2023 will be about finding balance as the biotech industry adjusts to its new financial reality. Here are three tips for companies navigating this cash-strapped environment:
- Don’t go public before you’re ready: The 2022 decline of both the Nasdaq Biotech Index and the number of biotech IPOs indicated that many biotechs went public before they were ready, likely in early-stage or even preclinical trials. Although the window for preclinical IPOs has closed, biotechs should take this lesson to heart: if you’re not ready for the demands of the public markets, going public too soon may not be worth the proceeds. BDO’s Biotech IPO Checklist can help you understand when is the right time to go public and how to prepare.
- Proactively manage cash in the early stages: As 2023 will be a time of cash scarcity, it’s important to manage cash effectively to reach the next stage of development. At early stages, aim to be as cash-efficient and focused as possible. The goal is to design a drug manufacturing process capable of supporting a regulatory filing and commercial launch, even if the process at this stage is not the most efficient. Learn more about managing cash throughout the drug development process in BDO’s Guide to Cash Conservation Across the Drug Development Cycle.
- Employ value creation strategies: Companies with strong asset pipelines will find investor interest and partnership opportunities, providing them with resources like cash, talent and manufacturing facilities. However, there are other ways to improve company value beyond scientific fundamentals. When preparing for a sale or partnership, focus on forecasting profitability, hiring the right team to manage a transaction and analyzing how supply chains will function under current and future production demands.

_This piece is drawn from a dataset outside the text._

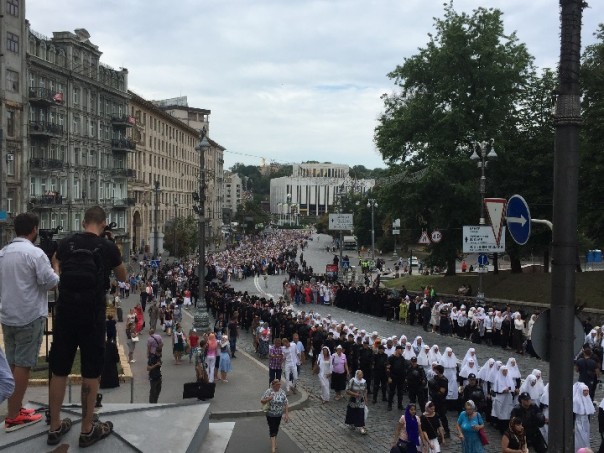 В этом году радикалы даже не смогли выйти из своей штаб-квартиры. Как сообщил в своем «Фейсбуке» лидер ОУН Николай Коханивский, полиция подогнала к зданию несколько автозаков и водомет, тем самым преградив выход. С самого утра в столице уже были перекрыты некоторые улицы, на окраинах, а позже и на близлежащих центральных улицах стояли большие автобусы, которые привезли паломников, причем многих из них доставляли сразу к Киево-Печерской лавре.

Learn more strategies in BDO’s Guide to Selling Your Biotech Business.
2023 will not be a fundraising frenzy for biotech. The companies that can stay focused on the research for their high-priority, late-stage candidates, while managing their cash wisely, will be able to successfully bridge until the next cash influx or positive data readout.

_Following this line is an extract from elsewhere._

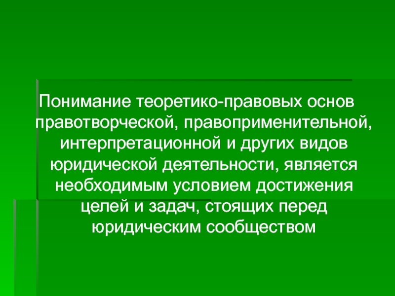 Понимание теоретико-правовых основ правотворческой, правоприменительной, интерпретационной и других видов юридической

This edition of BDO’s Biotech Brief examines the December reconstitution of companies listed on the Nasdaq Biotechnology Index, which includes organizations classified as biotechnology or pharmaceutical companies according to the Industry Classification Benchmark with a minimum market capitalization of at least $200 million and an average daily trading volume of at least 100,000 shares. BDO used CalcBench to conduct this data analysis and supplementary sources where noted.